Appare infatti una mano nel suo campo visivo, ma - stupore! - ha una barretta
biancastra tra le dita. Dio non ha mai visto una cosa del genere e si dimentica
di gridare.
- E' cioccolato bianco del Belgio, - dice la nonna al bimbo che ha appena
scoperto.
Di queste parole Dio capisce solo 'bianco': sa cos'è, l'ha visto sul latte e
sui muri. Gli altri vocaboli gli sono sconosciuti: 'cioccolato' e soprattutto
'Belgio'. Intanto la barretta è accanto alla bocca.
- Si mangia, - dice la voce.
Mangiare: Dio sa cos'è. E' una cosa che fa spesso. Mangiare è il biberon, il
puré con pezzetti di carne, la banana schiacciata con la mela grattugiata e
il succo d'arancia.
Mangiare ha un odore. Questa barretta biancastra ha un odore che Dio non conosce.
Ed è migliore del sapone e della pomata. Dio ne ha paura e voglia allo stesso
tempo. Smorfia di disgusto e acquolina in bocca.
Con un'impennata di coraggio acchiappa la novità coi denti, la mastica, ma non
serve: si fonde sulla lingua, tappezza il palato, gli riempie la bocca - e accade
il miracolo.
La voluttà gli dà alla testa, gli lacera il cervello e vi fa rimbombare una voce che
non aveva mai sentito prima:
"Sono io! Sono io, vivo! Io parlo! Non sono né 'egli' né 'lui', io sono io!
Non dovrai più dire 'egli' per parlare di te, dovrai dire 'io'. E io sono il tuo
migliore amico: io ti procuro il piacere."

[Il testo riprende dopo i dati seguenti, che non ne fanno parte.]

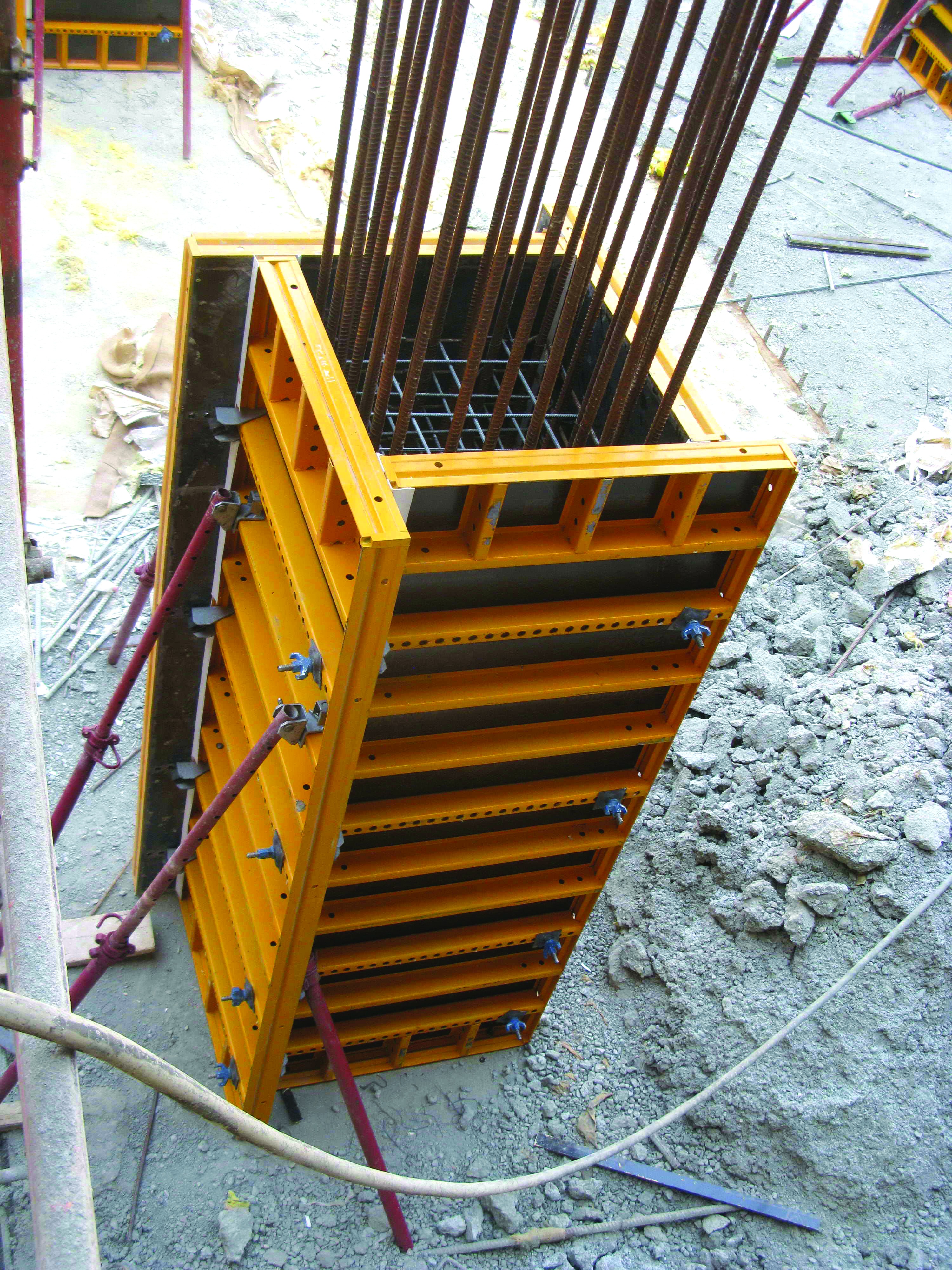در این سیستم جدید قالب بندی ستونهای با مقطع مربع مستطیل میتوان با یک ست قالب ستون بدون اضافه یا کم کردن قالبی، انواع مقاطع از(30*30) تا (100*100) سانتیمتر و یا حالتهای ترکیبی فرضاً(60*80)سانتیمتر را در هر فواصل 5 سانتیمتری بصورت کشویی وبا گوشه های تیز یا پخدار قالب بندی نمود.

E' stato allora che sono nata, nel febbraio del 1970, all'età di due anni e mezzo,
sulle montagne del Kansai, nel villaggio di Shakugawa, sotto gli occhi di mia
nonna paterna, per grazia del cioccolato bianco.
L'analisi dell'edificante linguaggio altrui mi portò a questa conclusione:
parlare era un atto di creazione ma anche di distruzione. Era meglio starci
molto attenti, con questa invenzione.
Ero giapponese.
Nella provincia del Kansai, a due anni e mezzo, essere giapponese significava
vivere nel cuore della bellezza e dell'adorazione. Essere giapponese significava
abbuffarsi dei fiori esageratamente profumati del giardino molle di pioggia, sedersi
sullo sfondo dello stagno di pietra a guardare, in lontananza, le montagne grandi
come l'interno del proprio petto, prolungare dentro di sé il canto mistico
del venditore di patate dolci che attraversa il quartiere all'imbrunire.
Avere tre anni non offriva veramente nulla di buono. I Nipponici avevano ragione a
situare a questa età la fine dello stato divino. Qualcosa era andato perso,
- di già! - la cosa più preziosa di tutte e impossibile da recuperare: una
forma di fiducia nella benevola perennità del mondo.